Almost every day new data about the composition of microbiomes are published. Many of these studies analyse the human microbiome, but also environmental samples.
Today we have the ability to sequence microbiomes in much more depth than a couple of years ago. Looking deeper sheds light on an important point: Contamination! In the very interesting publication of Salter et al. they could show that contaminating DNA is present in DNA extraction kits and other lab reagents.
The researchers sent dilutions of pure cultures of Salmonella bongori to three different institutes for DNA extraction and PCR, followed by sequencing on Illumina MiSeq.
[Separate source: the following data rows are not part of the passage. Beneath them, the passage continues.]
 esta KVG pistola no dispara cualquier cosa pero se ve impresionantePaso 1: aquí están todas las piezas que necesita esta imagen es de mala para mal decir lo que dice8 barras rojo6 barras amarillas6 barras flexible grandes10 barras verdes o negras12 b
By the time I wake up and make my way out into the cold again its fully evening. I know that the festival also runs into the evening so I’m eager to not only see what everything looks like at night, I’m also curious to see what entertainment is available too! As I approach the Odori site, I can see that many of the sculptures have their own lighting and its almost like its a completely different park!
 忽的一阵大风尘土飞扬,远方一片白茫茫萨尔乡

While S. bongori was the only organism identified in the undiluted samples, contaminating bacteria increased in relative abundance with higher degrees of dilution, and finally became dominant after the fifth dilution.
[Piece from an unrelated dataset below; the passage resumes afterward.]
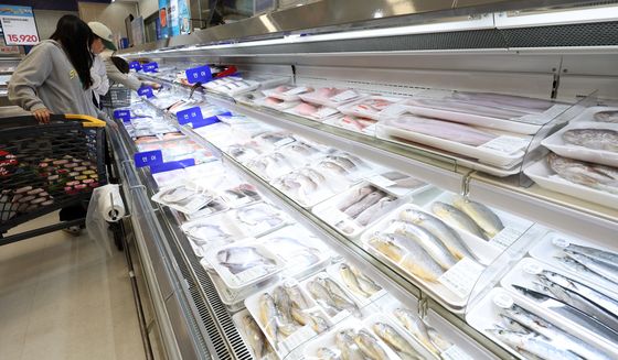 4월에는 가공식품과 외식, 축산물, 수산물 등 먹거리 가격이 고공행진을 했다. 축산물(4.8%)과 수산물(6.4%)은 큰 상승폭을 나타냈다. 사진은 이날 서울 한 마트에서 소비자들이 수산물을 고른는 모습. 2025.5.2/뉴스1

They did a similar analysis performing shotgun metagenomics of a pure S. bongori culture. This time, they used four different DNA extraction kits. Again, they saw that contamination increased with the degree of dilution, with contamination being the predominant feature after the fourth dilution. Also, they could show that each kit gave a different bacterial profile.
They also report on a study on the nasopharyngeal microbiota of children, analyzed over 2 years. They could show that using 4 different DNA extraction kits over time led to the false conclusion that differences in the microbial spectrum were associated with age. When DNA extraction was repeated on original samples using a different kit lot, the OTUs previously identified as contaminants were no longer detected.
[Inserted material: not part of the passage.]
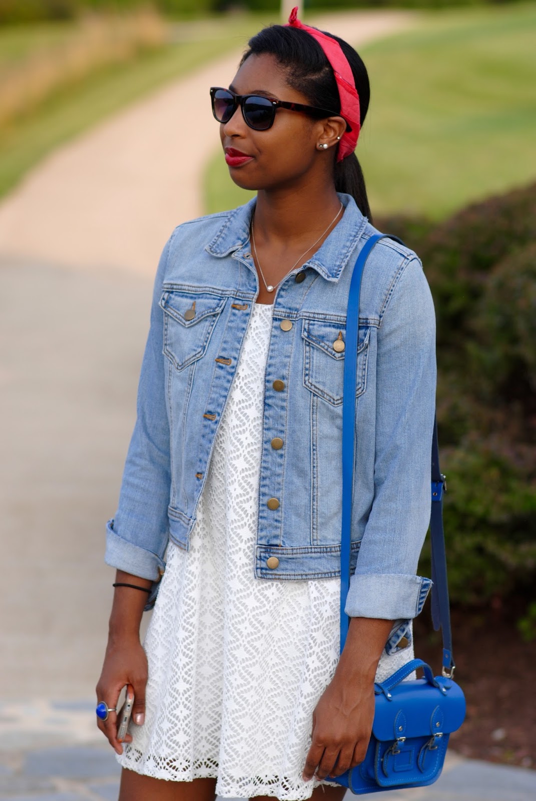 As promised, my second (and favorite) RWB look. I love the classic american feel of the jean jacket and bandanna (I had a Rosie the Riveter moment) with the red lips. Overall a cute but casual twist for an outdoor celebration. Ironic that tomorrow I'm heading to London and Paris (both with US colors), but I'm still glad I get to spend this great holiday in a place where its celebration is not so... tongue-in-cheek. Otherwise, I'm so excited for my trip!! I'll have a couple usual posts this week with a full European download when I return!

In conclusion, contamination affected both 16S and metagenomic shotgun sequencing projects and was especially critical for samples with low biomass. Salter et al. present a list of potential contaminating organisms, as well as recommendations on how to cope with this problem. One recommendation is very obvious, and very effective: use negative controls!
Altogether, we should be very careful in planning our experiments in order to deliver results instead of artefacts. Especially, we need to be very careful when interpreting the data!